The political theorist Benjamin Barber warns that school choice does not really provide freedom for families: “We are seduced into thinking that the right to choose from a menu is the essence of liberty, but with respect to relevant outcomes the real power, and hence the real freedom, is in the determination of what is on the menu. The powerful are those who set the agenda, not those who choose from the alternatives it offers. We select menu items privately, but we can assure meaningful menu choices only through public decision-making.” (Consumed, p. 139)

John Thompson is a historian and a retired teacher in Oklahoma. He is also a meticulous researcher. Emily Oster is an economist at Brown University who said early in the pandemic that it was safe to open schools.

Thompson writes:

New post on Network for Public Education.

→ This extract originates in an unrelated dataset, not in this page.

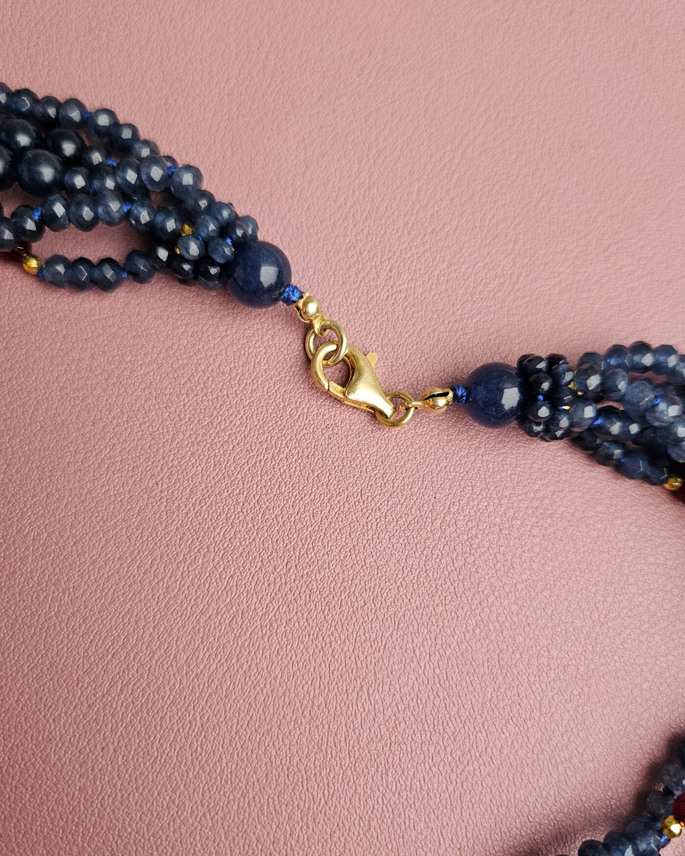 La sua particolarità sta nel fatto che non scende in modo regolare o a decrescere sullo scollo: i fili cadono in maniera volutamente casuale, sovrapponendosi con naturalezza. Questo effetto morbido e irregolare dona alla collana un aspetto dinamico e raffinato, rendendola unica e mai rigida. Le sfumature intense del blu borgogna dell’agata si armonizzano perfettamente con la luminosità naturale delle perle di fiume, creando un equilibrio tra forza e delicatezza.

John Thompson: COVID and Schools

John Thompson takes a look at Emily Oster’s crusade to get school buildings open.

He writes:

When I started following Emily Oster’s links and critiquing her analyses of COVID in schools, I first worried about her simplistic conclusions such as, “The evidence is pointing in one direction. Schools do not, in fact, appear to be major spreaders of COVID-19.” Since Diane Ravitch posted on epidemiologists Abigail Cartus’ and Justin Feldman’s research, I better understand where Oster was coming from, and how “Oster’s emphasis on individualism and personal choice ring sweetly in the ears of the rightwing philanthropists.”

Oster went “viral” when arguing that educators’ fears were “overblown,” and that kids are “simply very unlikely to be infected.” But, as she made those claims, Oster ignored evidence that schools were significant spreaders, such as the CDC’s summaryof Wisconsin infections from Sept 3 to Nov16, 2020. That state’s schools were the 4th largest source of infections, following long term care and corrections facilities, and colleges; an estimated 14% of infections were linked to schools.

On the eves of Thanksgivings, when common sense said that holiday surges through Christmas and the New Year would be inevitable, Oster would double down on attacks on educators for not immediately reopening classrooms.As Rachel Cohenexplained, Oster’s 2020 data “reflected an extremely small and unrepresentative sample of schools.” There was not a single urban traditional public school reporting data across 27 states in her dataset, including from Florida [and] Texas…” Then, in November, Texas became the first state to have a million infections.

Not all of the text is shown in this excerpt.